Scintillator material and radiation detectors containing same
Abstract
A sintered, annealed scintillator composition, which, prior to annealing, has a formula of A 3 B 2 C 3 O 12 , where A is at least one member of the group consisting of Tb, Ce, and Lu, or combinations thereof; B is an octahedral site (Al), and C is a tetrahedral site (also Al). One or more substitutions are included. The substitutions may be partial or, in some cases, complete, and can include Al with Sc at B; up to two atoms of oxygen with fluorine and the same number of Ca atoms at A; replacement at B with Mg and the same number of atoms of oxygen with fluorine; replacement at B with a combination of Mg/Si Mg/Zr, Mg/Ti, and/or Mg/Hf; replacement at B with a combination of Li/Nb and/or Li/Ta, and at A with Ca; and replacement of an equal number of B or C with silicon. Related devices are also described, such as CT scanners and well-logging devices.
Claims
exact text as granted — not AI-modified1 . A sintered, annealed scintillator composition comprising, prior to annealing:
a garnet having a formula of A 3 B 2 C 3 O 12 , where A is a site with at least one member of the group consisting of Tb, Ce, and Lu, or combinations thereof, B is an octahedral site (Al), and C is a tetrahedral site (also Al), with at least one substitution selected from the group consisting of: (1) replacement in the formula of between 0.05 up to 2 atoms of Al with Sc, at the octahedral site B; (2) replacement in the formula of between 0.005 up to two atoms of oxygen with fluorine, and replacement of the same number of Ca atoms at the A-site; (3) replacement in the formula of between 0.005 and 2 atoms at site B with Mg, and replacement of the same number of atoms of oxygen with fluorine; (4) replacement in the formula of between 0.005 up to two atoms at site B with atoms from at least one combination selected from the group consisting of Mg/Si Mg/Zr, Mg/Ti, and Mg/Hf; (5) replacement in the formula of between 0.005 up to two atoms at site B with atoms from at least one combination selected from the group consisting of Li/Nb and Li/Ta; and (6) replacement in the formula of between 0.005 up to two atoms at the A-site with Ca, and replacement of an equal number of B or C sites with silicon.
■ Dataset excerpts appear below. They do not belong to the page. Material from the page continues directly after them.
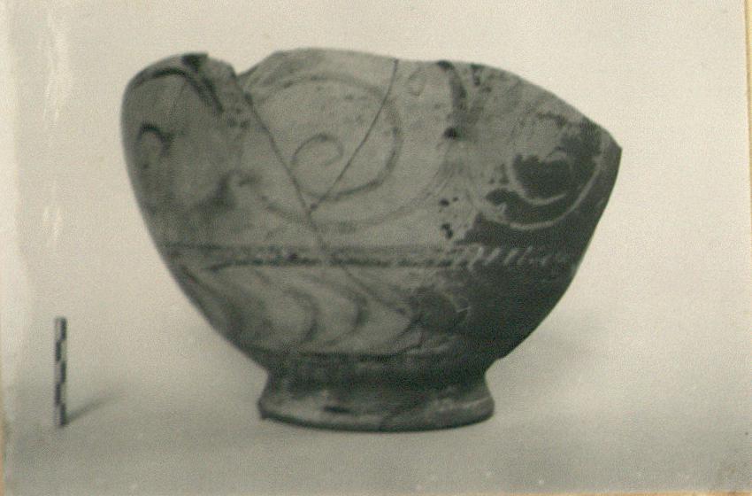 | Description: | "Fikellura" Amphora. Mended from several pieces. Foot and most of lower half preserved. Ring foot slightly flaring. Wide zone of scrolls with palmettes; below, narrow band of blobs, then a zone of crescents leftwards, then rays around base. On foot, a narrow band of blobs. Mauve-brown clay with grits. The dull glaze of the decoration has faded and the white slip largely flaked. Cf. BSA 34 (1933-1934), pp. 30-33: volute zone group. | |
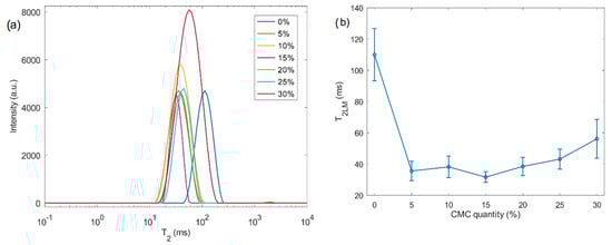 Transverse relaxation time (T2) NMR measurements were also performed. The results are displayed in Figure 3. The fitted T2 distributions (Figure 3a) revealed an abrupt shift towards lower T2 values upon the introduction of a minimal amount of CMC (5% w/w), followed by a progressive transition to higher times, as further presented in Figure 3b. An initial sharp drop in the log-mean transverse relaxation time (T2LM) value followed by a progressive increase with the amount of CMC is observed.
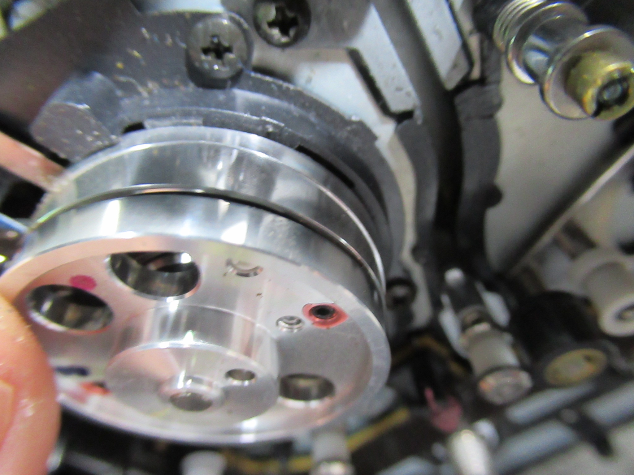 ドラム表面に僅かな浸食が見られます。ヘッドクリーナーのスポンジが長期間接触したことが原因です。このままではテープを痛めますので研磨します。
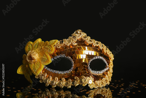 © Pixel-Shot, Naklejka premium Golden carnival mask on black background
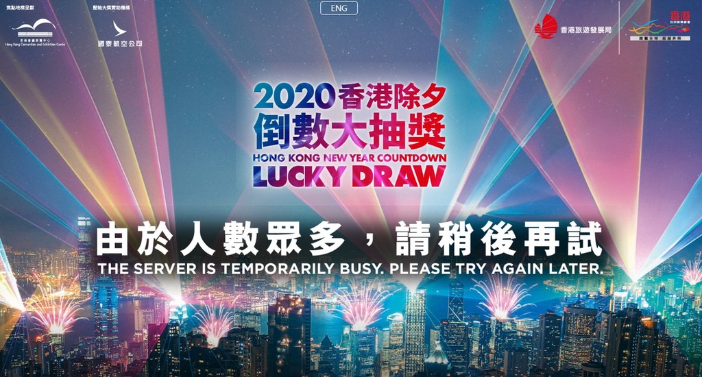 香港維多利亞港跨年煙火今年取消,改舉行「加強版」幻彩詠香江配合大廈煙火倒數,並首次舉行「倒數大抽獎」活動,最大獎為4張來回香港與任何地點的機票。不過,原本大受期待的「大抽獎」卻連連出包,一下收不到驗證碼、一下無法進入活動網頁,引來大批民眾不滿,主辦的旅遊發展局只好將抽獎延至元旦晚間。
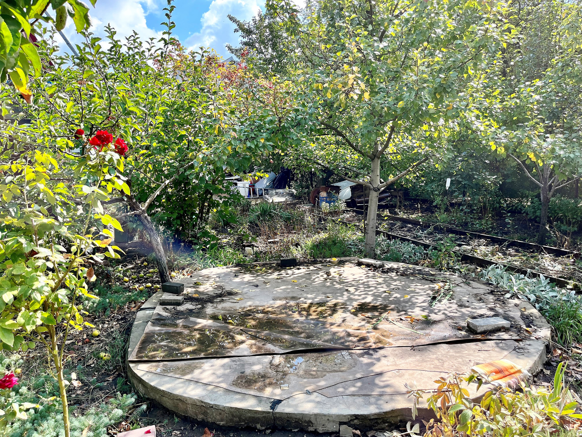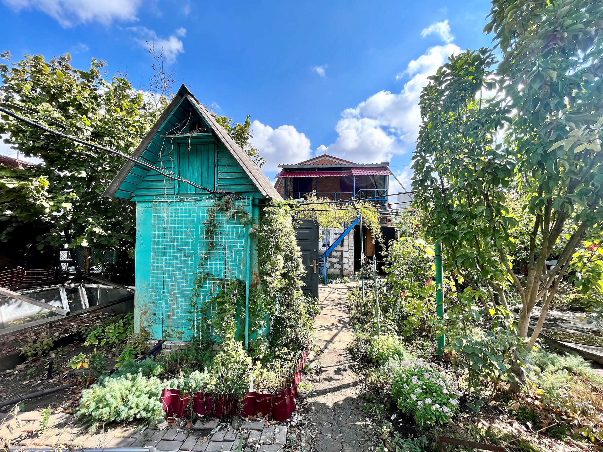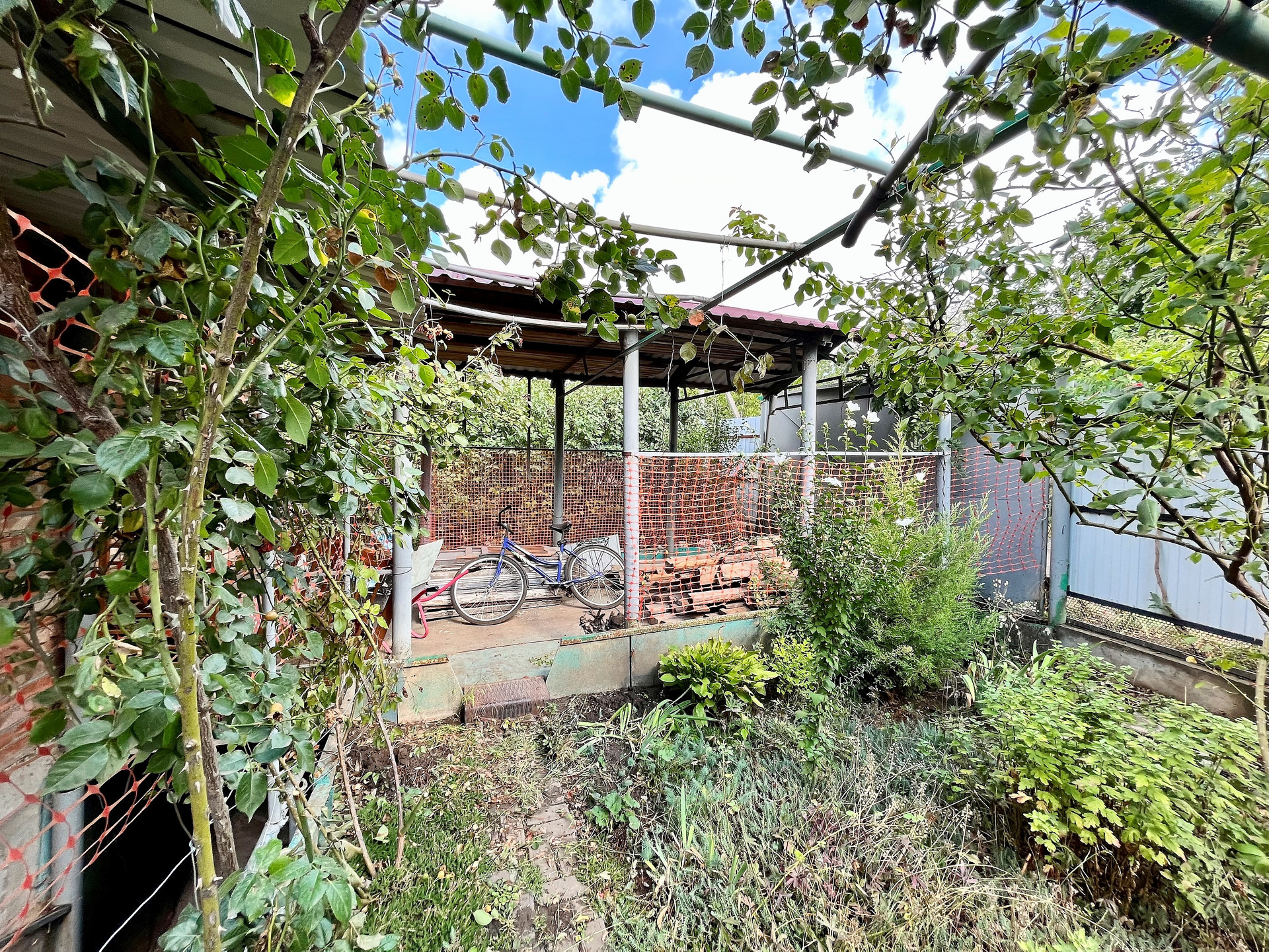 - Полноценный плодоносящий сад с обилием фруктов и ягод, в котором растут вишня, яблоня, тютина, калина, малина, клубника, виноград, а также цветы и туи .
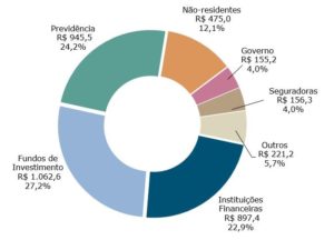 Inclui a carteira própria de bancos comerciais nacionais e estrangeiros, bancos de investimento nacionais e estrangeiros, corretoras, distribuidoras e bancos estatais.

2 . An annealed composition which, prior to annealing, consists essentially of the substituted composition of claim 1 .
3 . A composition in accordance with claim 1 , wherein said garnet includes a second phase of (Tb,Ce)AlO 3 .
4 . A composition in accordance with claim 3 , on or essentially adjacent a semiconductor detector matrix, so as to form, in combination therewith, an X-ray detector array.
5 . A composition in accordance with claim 1 , on or essentially adjacent a semiconductor detector matrix, so as to form, in combination therewith, an X-ray detector array.
6 . A radiation detector for detecting high-energy radiation, comprising the sintered, annealed composition of claim 1 .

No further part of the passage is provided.